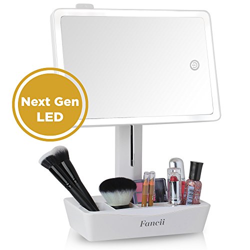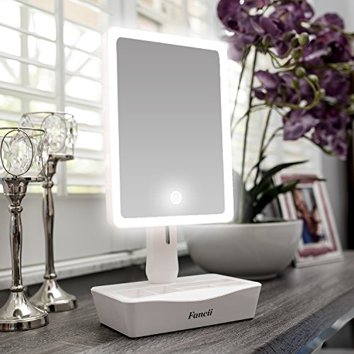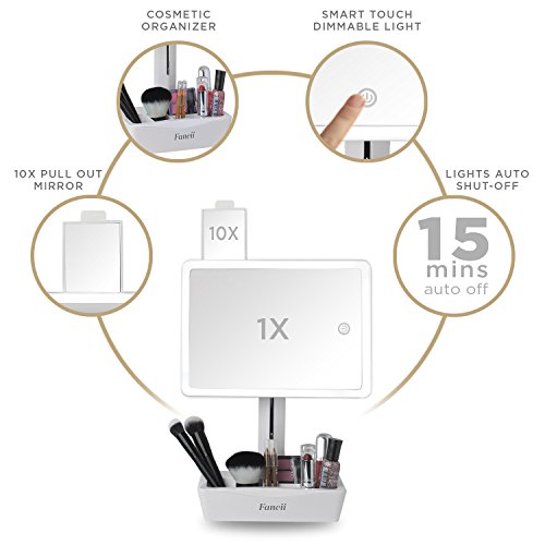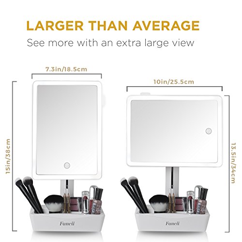 Fancii LED Lighted Large Vanity Makeup Mirror with 10X Magnifying Mirror - Dimmable Natural Light, Touch Screen, Dual Power, Adjustable Stand with Cosmetic Organizer
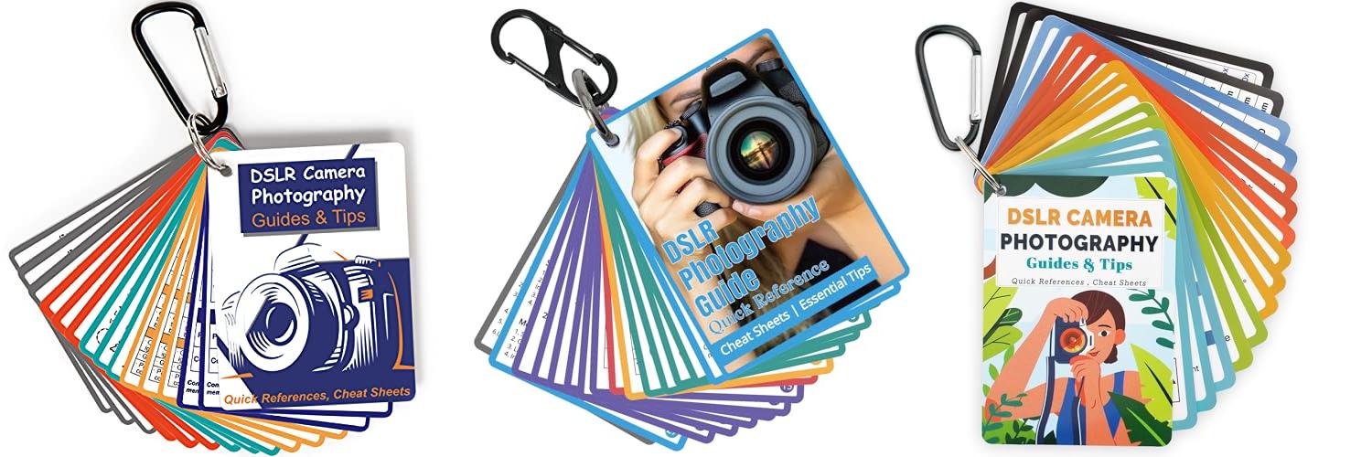 • Must-Have Camera Accessories: Includes 30 pages of useful photography tips. The 16 double-sided DSLR cheat sheets are color-coded. They work with any camera model, like Canon, Nikon, and Sony.
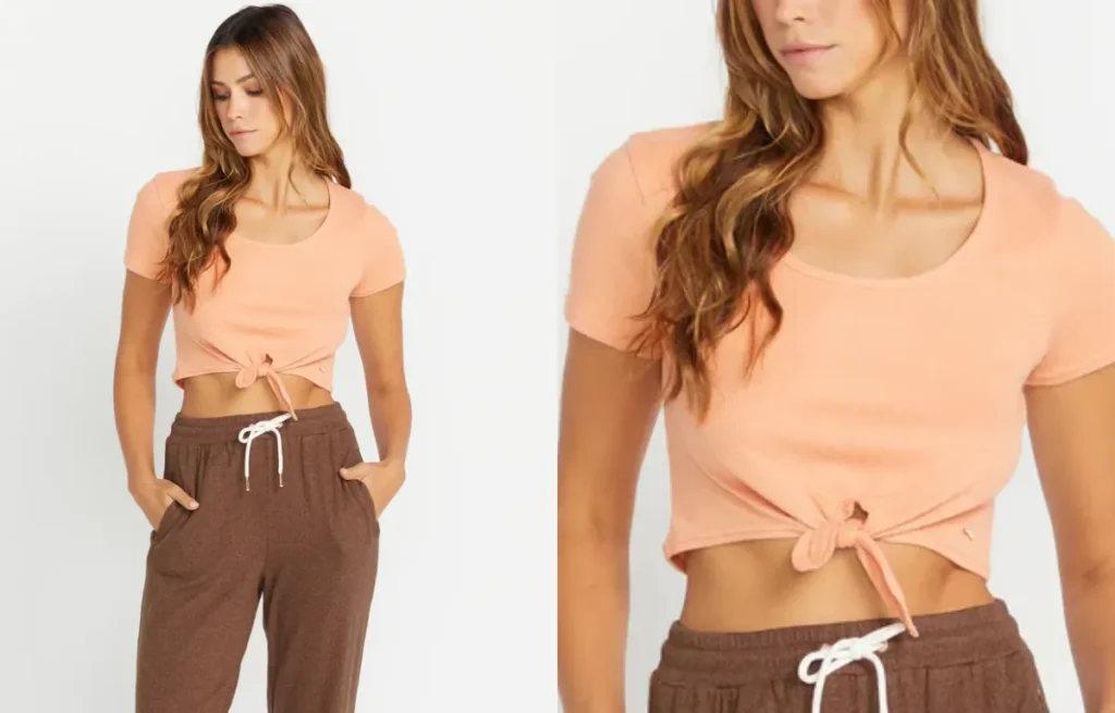 The layered scoop neck tee uses dual fabrics, visible panels, or built-in layering effects to add structure, opacity, or dimension — perfect for brands looking to offer elevated basics.
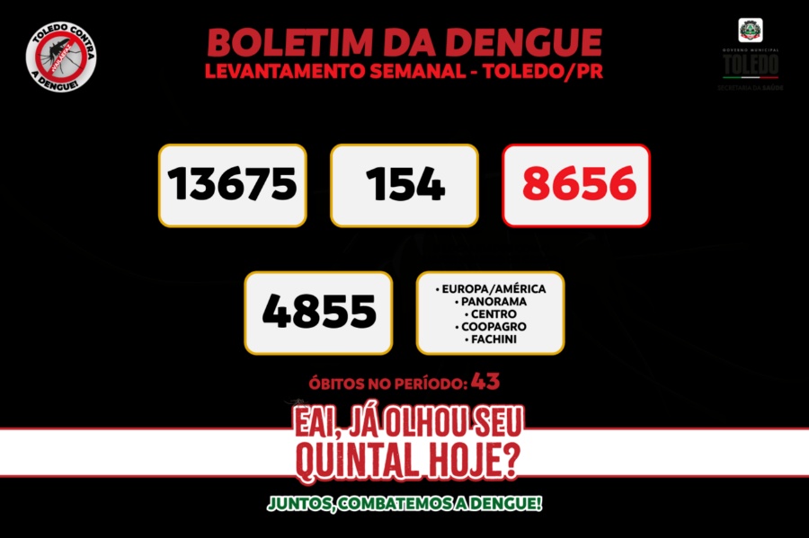 A Secretaria de Saúde de Toledo (SMS) divulgou, nesta sexta-feira (14) os dados referentes à dengue no município. Infelizmente, o boletim epidemiológico trouxe a notícia de mais quatro óbitos causados pela doença e o total no atual ano epidemiológico, iniciado em 1º de agosto de 2023, chegou a 43.
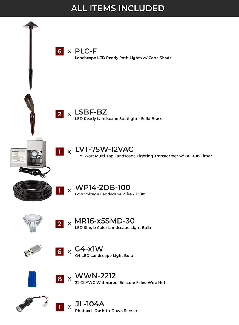 Compiled of two types of fixtures, this landscape kit offers a more diverse array of lighting for outdoor spaces. Six cone shade path lights ensure an illuminated walkway or garden, while the two spotlights can accent particular architecture, trees, or other features. Simply apply the G4 or MR16 bulb into the corresponding fixture, and use included hardware to add to outdoor landscapes. 75W Stainless Steel Transformer is low voltage and compatible with included photocell sensor. Wire and twist-on wire connectors complete the set, for a total landscape illumination package.
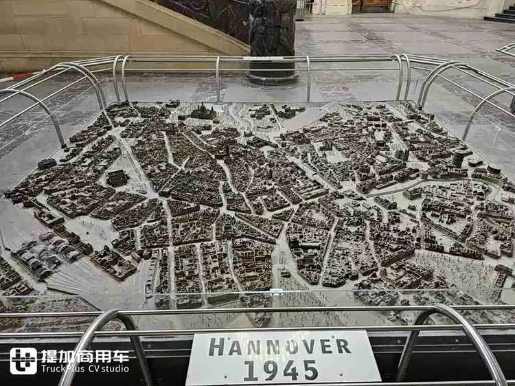 进去之后里面摆着汉诺威这座城市从19世纪至今的发展图,19世纪的时候工业革命风格显著,但是到了1945年二战的时候,基本上就是夷为平地,后面借助着西德的力量快速重建。

··········

- Problem description
None of the pictures belong in the result. Print exactly the lines from the one containing "Compiled of two" through the final line of the entries.

- Response box
 Compiled of two types of fixtures, this landscape kit offers a more diverse array of lighting for outdoor spaces. Six cone shade path lights ensure an illuminated walkway or garden, while the two spotlights can accent particular architecture, trees, or other features. Simply apply the G4 or MR16 bulb into the corresponding fixture, and use included hardware to add to outdoor landscapes. 75W Stainless Steel Transformer is low voltage and compatible with included photocell sensor. Wire and twist-on wire connectors complete the set, for a total landscape illumination package.
 进去之后里面摆着汉诺威这座城市从19世纪至今的发展图,19世纪的时候工业革命风格显著,但是到了1945年二战的时候,基本上就是夷为平地,后面借助着西德的力量快速重建。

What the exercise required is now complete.